Fortunately, there are a range of new companies that have built tools and systems specifically for the virtualized environment, supporting multiple platforms and focusing on the discrete issues and challenges that the virtual world creates.  There are vendors that focus on performance and capacity planning, while others focus on provisioning and reporting, and others who look at overall (and integrated), management and control, specifically for the virtual datacenter. 

The collection of monitoring, automation, mobility control and insight capabilities are generally described as “VM Lifecycle management.”

Recommendations:
Virtualization is here to stay.  If you are ramping up the adoption of server virtualization in the datacenter, like most IT organizations, then you must consider its impact on your business controls now, before you hit the tipping point…

Specifically, you should:

• Overlay existing standards and processes into the virtual space wherever possible: They will probably require tweaking, but ensuring they are in place will start to provide needed visibility and control, as well as insight into what additional management systems will be needed.

• Establish the new standards and processes that this technology needs: Increasing your visibility and control even further.  At a minimum, these should include:
  • Monitoring and Reporting
  • Provisioning control
  • VM Identity management
  • Mobility controls to enforce data separation
  • Reclamation of end-of-life VMs

• Automate as much as possible:  Manual processes are inconsistent and time consuming.
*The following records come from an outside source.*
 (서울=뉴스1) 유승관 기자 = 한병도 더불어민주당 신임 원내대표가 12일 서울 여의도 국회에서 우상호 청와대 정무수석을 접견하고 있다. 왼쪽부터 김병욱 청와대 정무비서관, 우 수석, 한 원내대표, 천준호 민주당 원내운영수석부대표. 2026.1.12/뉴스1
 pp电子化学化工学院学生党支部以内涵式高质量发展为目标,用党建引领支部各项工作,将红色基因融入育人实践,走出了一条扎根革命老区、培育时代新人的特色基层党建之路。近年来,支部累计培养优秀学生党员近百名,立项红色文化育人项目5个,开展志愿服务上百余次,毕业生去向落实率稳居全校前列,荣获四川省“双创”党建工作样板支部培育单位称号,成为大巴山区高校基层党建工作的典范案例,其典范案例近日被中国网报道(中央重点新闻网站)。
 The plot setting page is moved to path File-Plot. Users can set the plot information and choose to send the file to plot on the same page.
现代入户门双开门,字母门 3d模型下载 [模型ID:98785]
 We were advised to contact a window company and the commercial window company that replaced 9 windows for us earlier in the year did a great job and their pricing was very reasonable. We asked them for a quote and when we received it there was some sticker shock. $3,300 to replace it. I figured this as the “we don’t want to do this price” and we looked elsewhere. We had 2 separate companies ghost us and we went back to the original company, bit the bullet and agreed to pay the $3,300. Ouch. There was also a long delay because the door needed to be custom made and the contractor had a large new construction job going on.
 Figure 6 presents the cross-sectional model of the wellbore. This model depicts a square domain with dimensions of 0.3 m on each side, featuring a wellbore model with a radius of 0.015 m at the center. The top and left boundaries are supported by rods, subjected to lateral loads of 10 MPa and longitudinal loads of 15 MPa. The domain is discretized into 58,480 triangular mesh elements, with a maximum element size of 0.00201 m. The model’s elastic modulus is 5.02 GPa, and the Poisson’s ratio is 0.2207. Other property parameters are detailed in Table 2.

Ultimately, the only way to get your GRC model back in balance is to increase the level of automation by implementing the additional systems that this space needs.  This will have the additional effect of reducing the amount of manual activity and processes, increasing your control and reducing risk, as well as saving a significant amount of administration time.  

• Review your security architecture: Many types of security appliances and monitoring tools need to know what they’re protecting and where it is in order to be effective, and the mobility of VMs can be problematic.    Other security technologies like IDS, IPS, Data Leak Prevention and Malware Prevention can also be impacted.  The constant change enabled by virtualization can place dynamic demands on any “static” types of security solutions, even in small virtualized infrastructures.  Bottom line: some of your security infrastructures will not work well in a virtualized environment, and a security product that does not work well, for all intents and practices, does not work at all.
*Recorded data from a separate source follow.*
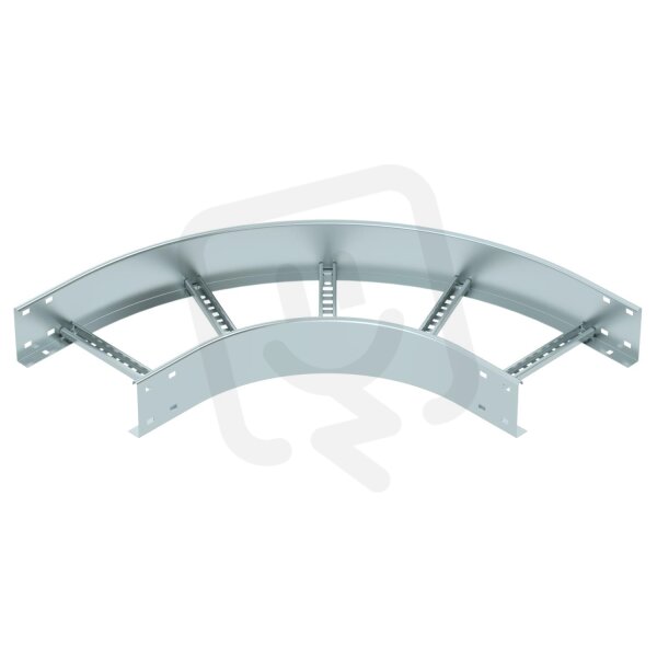 Oblouk 90°, horizontální, s přivařenou příčkou, pro všechny typy kabelových žebříků s výškou bočnice 110 mm.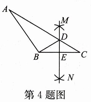 4. 如图,在△ABC中,分别以点B和点C为圆心,大于$\frac{1}{2}BC$的长为半径画弧,两弧相交于点M,N。作直线MN,交AC于点D,交BC于点E,连接BD。若AB= 7,AC= 12,BC= 6,则△ABD的周长为(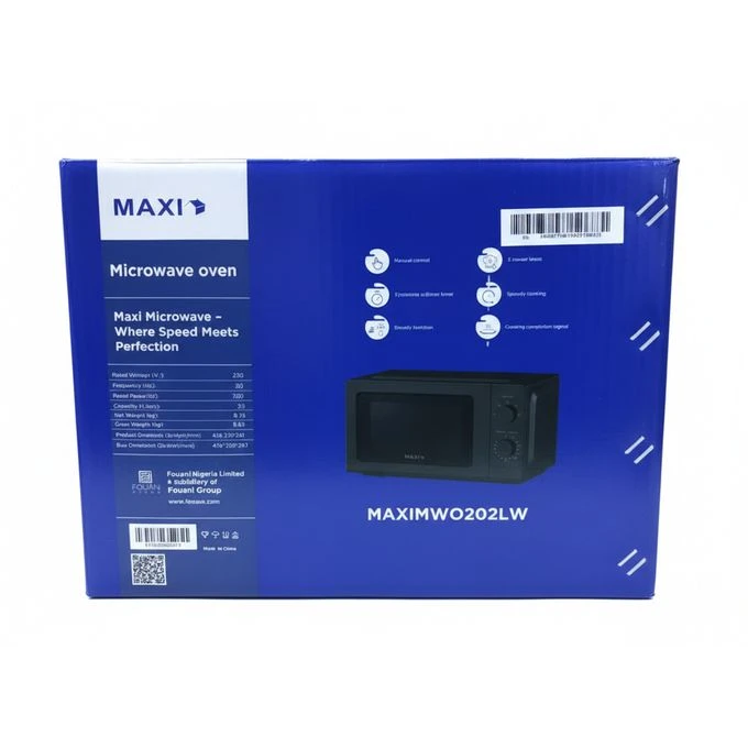 Enjoy fast, easy, and efficient cooking with the Maxi 20Ltr Manual Microwave Oven (MAXIMWO20CKE). Designed with simplicity and functionality in mind, this compact 20-liter microwave is perfect for everyday heating, defrosting, and basic cooking needs. Key Features: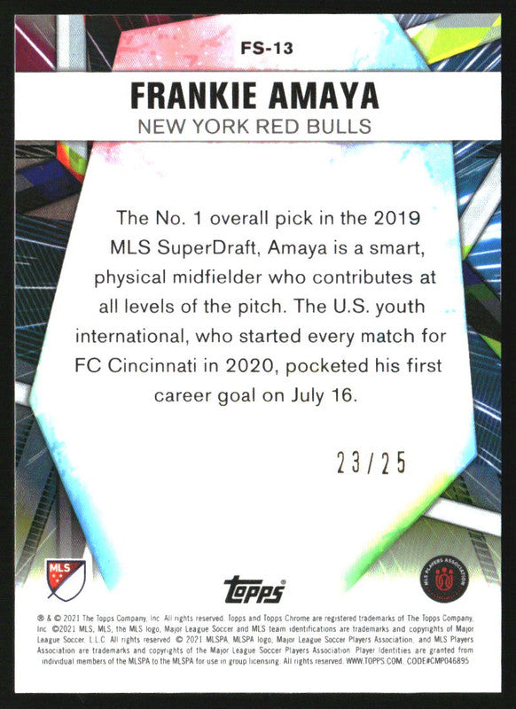 2021 Topps Chrome MLS Future Stars Orange Refractors #FS13 Frankie Amaya /25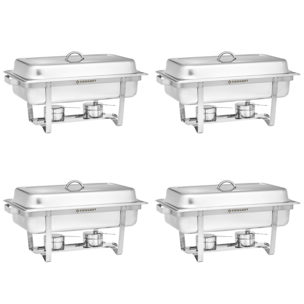 Sada ohřívačů na pokrmy GN 1/1 značky FORGAST je profesionální souprava čtyř ohřívačů určených k udržování teploty jídel při servírování. Zařízení se vyznačují mobilitou díky provozu na palivo a velkou kapacitou, což z nich činí vynikající volbu pro restaurace, catering nebo hotelové bufety.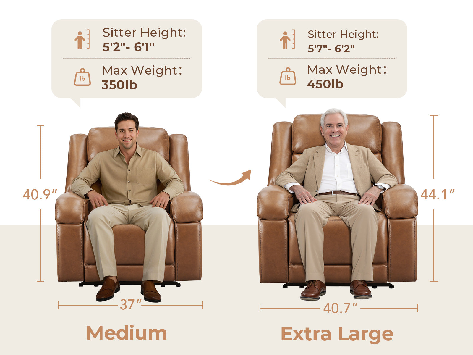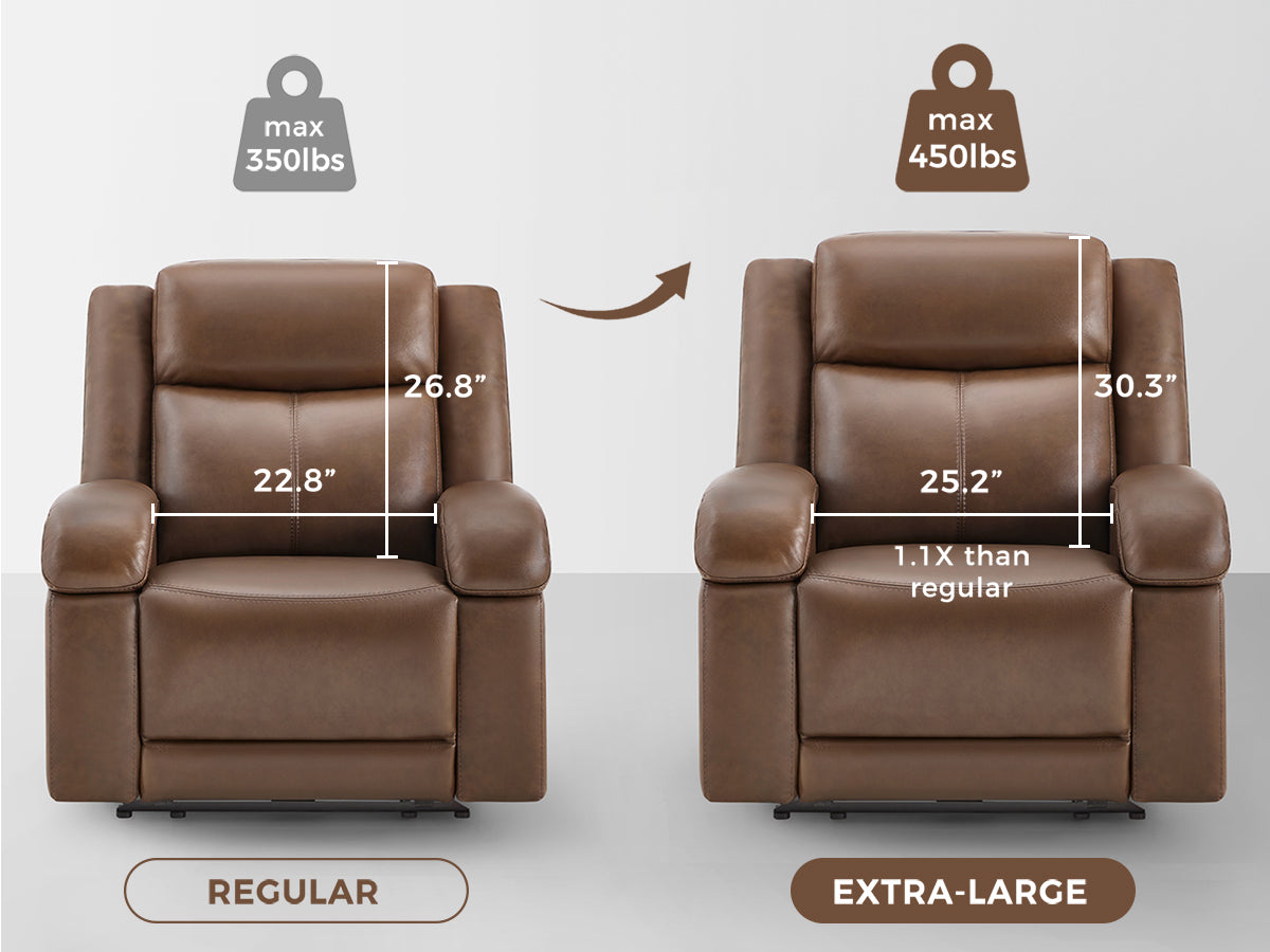 Isaac recliner now comes in two sizes designed for true comfort. For those who like more space, the new extra large version offers a wider 25.2" seat and supports up to 450 lbs. Both deliver the same dual-motor reclining, power headrest, and premium leather—crafted to give every body the perfect fit.
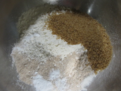 유기농통밀가루,중력분,베이킹파우더,베이킹소다,유기농흑설탕,소금을 넣고 섞는다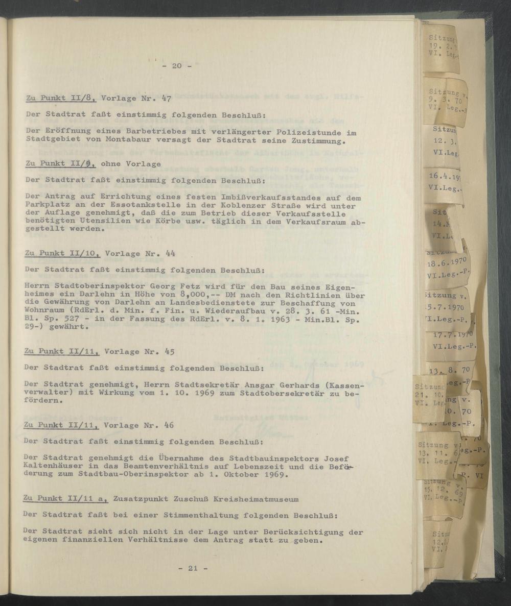 Der Stadtrat genehmigt, Herrn Stadtsekretär Ansgar Gerhards (Kassenverwalter) mit Wirkung vom 1. 10. 1969 zum Stadtobersekretär zu befördern.

• Implement specific audit standards (and reporting systems) for the virtual space: As discussed, the virtualization environment requires new control policies, processes and standards.  As these come into place, they will require corresponding new audit process and procedures.  For example, SOX compliant applications will need to be segmented from other systems, as well as tighter access controls applied.  The inherent mobility of virtual servers adds an additional factor to the audit process – Has this VM moved to an additional host during the audited period?  If so, what other VMs were on that host?  

Software licensing is another area that will need specific focus in this space.

Virtualization started in most datacenters as a tactical effort; lead by IT, and focused on the ROI associated with server consolidation.  But moving from tactical server consolidation to more production-oriented uses of virtualization, and increasing the percentage of your datacenter that is virtual, requires a more strategic view about the impact of this architecture on datacenter management and business controls.  The recommended actions in this paper will ensure that you optimize the overall value of this technology.